Характерен в этом отношении «печальный» (по выражению свящ. Константина Аггеева) инцидент с проф. СПбДА Н. К. Никольским. Он обратился к петербургским священникам в газете «Новое время» с упреком и вопросом, почему они скрыли свои имена. Кто они? Почему не назвали себя? Кто они по своему положению и авторитету, насколько сведущи в истории и канонике? Отсутствие ответов на эти вопросы вызывало «подозрение, что дело идет не о пользе церкви, а идет борьба за власть, за личные преимущества»[149]
.В день публикации статьи Никольского в редакцию «Нового времени» устремились сразу два представителя группы столичных священников: Владимир Колачев и Константин Аггеев. Первый из них передал «В. В. Розанову для помещения в “Новом времени” заметку по поводу статьи проф. Н. К. Никольского с изложением фактической стороны дела относительно записки “32-х” священников, и, между прочим, с разъяснением, почему эта записка появилась в печати без подписей»[150]
. Второй – лично передал «г-ну секретарю редакции “Нового времени” письмо, за подписью, для напечатания в качестве краткого объяснения по поводу статьи Никольского»[151].До 2 апреля газета «Новое время» не помещала никаких объяснений, чем вызвала яростную критику со стороны газеты «Слово». В конечном итоге объяснения появились в газете «Русское слово» и прозвучали они из уст свящ. Григория Петрова. Отец Григорий утверждал, что «составители этой записки или, вернее, подавшие ее должны быть освобождены от всякой, самой малейшей тени каких-либо неблаговидных заподозрений», потому что они не только не искали личной выгоды, но и подали заявление, несмотря на угрозы в их адрес:
Когда среди столичного духовенства пошел говор о составлении записки кружком священников, тогда упорный слух передавал угрозу синодального чиновничества:
– Раскассировать всех участников кружка.
И участники кружка решили подать свою записку, не обращая внимания ни на какие страхи и угрозы [152]

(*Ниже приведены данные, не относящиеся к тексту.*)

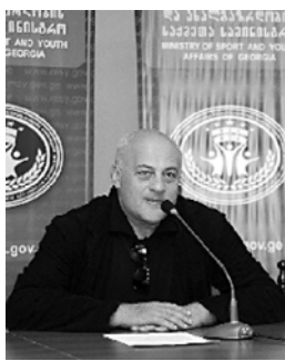
სო საბჭომ 2006 წლიდან „ერთი თასი“ დააწესა, მაგრამ ბოლო თანხა წელიწადში, განსაკუთრებით კი 2011 წლის მსოფლიო თასის გათამაშებაში „ერთი“ 2-ის ქვეყნის პროგრესი ნათელია გამოჩინდა. ახალი ტურისტული „მეორე ევროპის“ პროექტს გუნდის წევრებს და სათანადო ოსტატობის დაბეჭდვის შესაძლებლობის შესახებ.

7-9 თებერვალს „მეორე ევროპის“ სარაგობი კავშირების ხელშეწყობით ლას ვეგასში შეიკრიბნენ და 2013-16 წლებში გასართობი ახალი ტურისტული მსახურის დასრულება შეეხებოდა. მსახურის დასრულება შეეხებოდა.
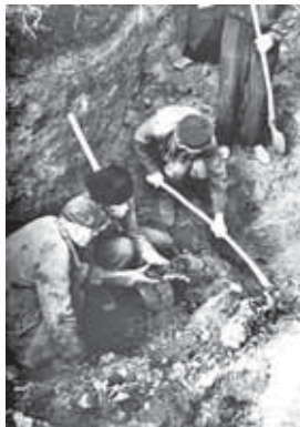
Останки расстрелянных в с. Зольском 14 декабря 1942 г.
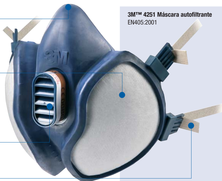
3M™ 4251 Máscara autofiltrante EN405:2001

.Аналогичное объяснение отсутствия имен предлагал и В. В. Розанов в заметке, предварявшей публикацию статьи Никольского: «Священники оттого и не подписались, что робели подписаться, что шаг, ими делаемый, содержал в себе долю служебного риска и мог повернуться весьма и весьма для них неблагоприятно, тем более что почти без исключений это священники молодые, “незаслуженные”»[153]
.Однако свящ. Григорий Петров намекал еще на одну причину анонимности записки – личную волю митрополита: «Мы достоверно знаем и утверждаем, что все, подписавшие записку, подписались под ней полностью. Подпись одного из участников подачи, отсутствовавшего в то время в Петербурге, была сделана даже по телеграфу. Так с подписями записка и была подана Высокопреосвященнейшему Антонию, а если в “Церковном вестнике” она появилась не подписанною, то это произошло не по воле подписавших»[154]
.В конечном итоге участники группы нашли возможность лично встретиться с профессором кафедры гомилетики и истории проповедничества СПбДА Никольским и прояснить ситуацию: «Инцидент с Никольским печальный. Мы все очень высоко ставили его и совершенно солидарны с ним. Большое спасибо С. Н. Булгакову. На днях он после сношения со мной устроил при редакции “Вопросов жизни” заседание литературно-философского общества по вопросу церковной реформы. Я привел на заседание из своих 10 человек. Через одного знакомого пригласил Никольского. Собрались в 8 часов. Начало собраний было в 9. Целый час тузили бедного Николая Константиновича, все же виноватого, несмотря на прекрасные мысли статьи. <.. > Мы подробно изложили ход дела. Неправ Никольский: мы все подписались, а дополнительные подписи с возражениями – моя, напр<имер>, – не напечатана в “Новом времени”, неизвестно почему» (С. 307).
Другим следствием выхода группы в публичную сферу можно считать ее сближение с богоискательской интеллигенцией. Если во времена РФС тон задавали инициаторы собраний из светской среды, то теперь, по словам Аггеева, «светские оппоненты кричали: “Говорите так, как теперь, мы за вами пойдем”» (С. 309). Д. С. Мережковский о записке «32-х» сказал: «Ничего еще подобного не было: одна она среди массы всевозможных записок ставит вопрос, волнующий всех, на самую глубокую почву в родном нам направлении» (С. 309). Мережковский, В. В. Розанов, Бердяев, Глинка-Волжский, Аскольдов, Лосский, Философов, Минский, Булгаков предлагали священникам из круга «32-х» участие в еженедельных религиозно-философских собраниях; с апреля 1905 г. велись переговоры о совместном издании журнала.